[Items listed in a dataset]
= = = = = = =

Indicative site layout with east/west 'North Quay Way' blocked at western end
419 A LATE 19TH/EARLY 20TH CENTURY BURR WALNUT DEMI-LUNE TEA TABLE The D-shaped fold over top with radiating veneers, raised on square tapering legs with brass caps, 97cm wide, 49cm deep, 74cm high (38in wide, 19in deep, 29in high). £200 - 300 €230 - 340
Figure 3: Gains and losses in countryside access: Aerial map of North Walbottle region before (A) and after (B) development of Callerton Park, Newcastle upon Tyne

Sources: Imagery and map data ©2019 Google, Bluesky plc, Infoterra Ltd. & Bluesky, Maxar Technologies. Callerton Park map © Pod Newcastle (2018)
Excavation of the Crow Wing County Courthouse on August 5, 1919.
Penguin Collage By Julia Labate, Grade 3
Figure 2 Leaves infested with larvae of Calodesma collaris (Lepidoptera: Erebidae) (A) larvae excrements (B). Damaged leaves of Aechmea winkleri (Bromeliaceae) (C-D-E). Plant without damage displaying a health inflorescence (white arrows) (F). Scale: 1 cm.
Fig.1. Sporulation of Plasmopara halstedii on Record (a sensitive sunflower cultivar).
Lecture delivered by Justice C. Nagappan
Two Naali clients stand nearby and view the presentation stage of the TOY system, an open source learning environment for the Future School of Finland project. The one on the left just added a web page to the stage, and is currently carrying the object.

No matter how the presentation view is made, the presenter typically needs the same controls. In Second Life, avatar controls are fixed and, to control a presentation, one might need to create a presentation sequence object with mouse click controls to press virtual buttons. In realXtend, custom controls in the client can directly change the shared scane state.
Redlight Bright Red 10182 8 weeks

= = = = = = =

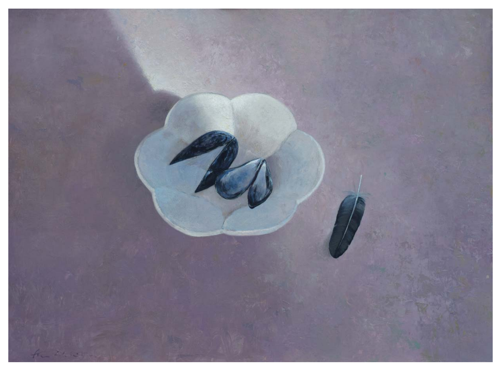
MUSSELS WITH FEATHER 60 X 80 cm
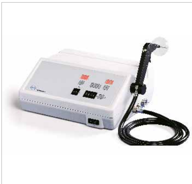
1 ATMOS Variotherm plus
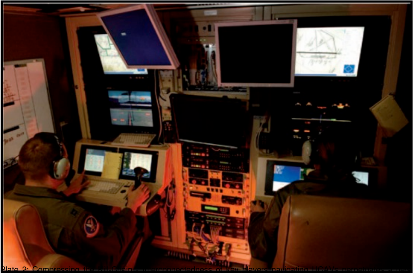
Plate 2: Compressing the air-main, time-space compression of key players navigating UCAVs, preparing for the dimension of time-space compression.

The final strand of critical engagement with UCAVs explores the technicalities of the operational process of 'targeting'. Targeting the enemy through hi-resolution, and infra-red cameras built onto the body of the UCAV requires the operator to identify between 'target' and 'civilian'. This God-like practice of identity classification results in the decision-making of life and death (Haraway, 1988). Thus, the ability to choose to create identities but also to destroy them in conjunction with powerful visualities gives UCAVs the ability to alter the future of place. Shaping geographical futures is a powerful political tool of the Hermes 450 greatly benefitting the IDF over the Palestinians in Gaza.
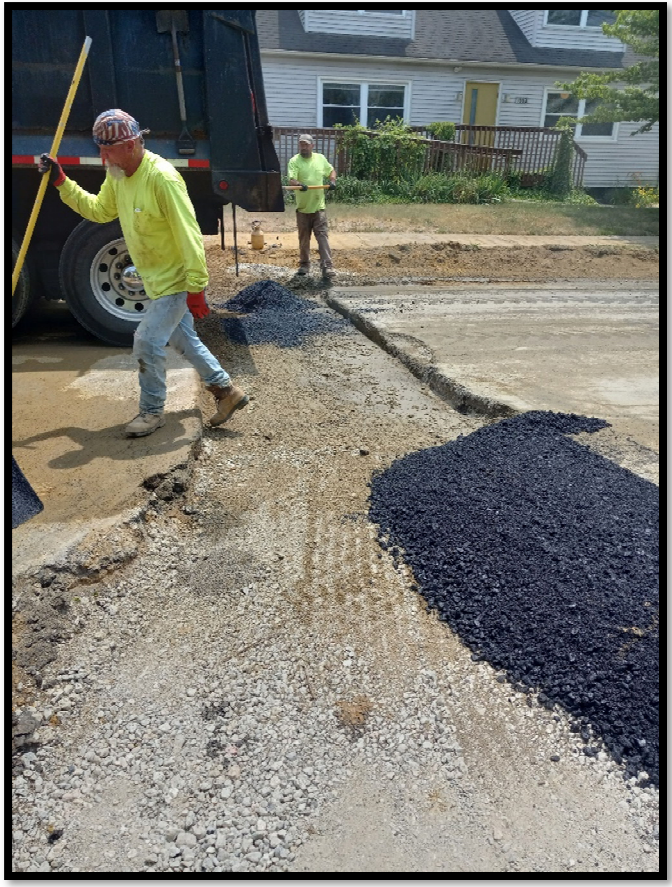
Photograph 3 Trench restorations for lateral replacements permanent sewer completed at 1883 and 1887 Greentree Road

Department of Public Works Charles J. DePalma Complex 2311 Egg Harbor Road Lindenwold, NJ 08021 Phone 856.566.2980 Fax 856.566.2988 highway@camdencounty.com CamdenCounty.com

= = = = = = =

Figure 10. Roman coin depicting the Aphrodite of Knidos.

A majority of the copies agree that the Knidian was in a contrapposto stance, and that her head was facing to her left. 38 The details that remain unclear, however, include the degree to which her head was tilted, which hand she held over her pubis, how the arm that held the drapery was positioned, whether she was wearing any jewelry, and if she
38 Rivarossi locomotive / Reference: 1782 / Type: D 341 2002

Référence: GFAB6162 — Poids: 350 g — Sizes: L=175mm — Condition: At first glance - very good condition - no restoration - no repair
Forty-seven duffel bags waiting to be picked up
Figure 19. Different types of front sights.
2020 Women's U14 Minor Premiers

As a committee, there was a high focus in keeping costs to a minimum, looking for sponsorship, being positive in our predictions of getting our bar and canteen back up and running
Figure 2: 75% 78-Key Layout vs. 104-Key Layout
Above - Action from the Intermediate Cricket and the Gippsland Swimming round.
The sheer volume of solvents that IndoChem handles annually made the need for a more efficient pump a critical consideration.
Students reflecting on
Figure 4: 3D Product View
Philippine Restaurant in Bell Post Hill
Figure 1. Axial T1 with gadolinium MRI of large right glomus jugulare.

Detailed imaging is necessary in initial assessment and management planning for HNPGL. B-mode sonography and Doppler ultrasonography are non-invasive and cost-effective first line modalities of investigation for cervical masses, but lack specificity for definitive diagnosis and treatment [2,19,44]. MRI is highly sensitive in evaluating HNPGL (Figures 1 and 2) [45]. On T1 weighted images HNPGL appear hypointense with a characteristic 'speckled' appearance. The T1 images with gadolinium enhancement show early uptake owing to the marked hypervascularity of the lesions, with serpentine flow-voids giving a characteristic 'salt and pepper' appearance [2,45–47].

= = = = = = =

*What this task involves*.
Please copy the lines in the records above between the one holding "Figure 19. Different types of front sights." and the one holding "Figure 1. Axial", inclusive, exactly and with no other line.

*Exercise response*.
Figure 19. Different types of front sights.
2020 Women's U14 Minor Premiers

As a committee, there was a high focus in keeping costs to a minimum, looking for sponsorship, being positive in our predictions of getting our bar and canteen back up and running
Figure 2: 75% 78-Key Layout vs. 104-Key Layout
Above - Action from the Intermediate Cricket and the Gippsland Swimming round.
The sheer volume of solvents that IndoChem handles annually made the need for a more efficient pump a critical consideration.
Students reflecting on
Figure 4: 3D Product View
Philippine Restaurant in Bell Post Hill
Figure 1. Axial T1 with gadolinium MRI of large right glomus jugulare.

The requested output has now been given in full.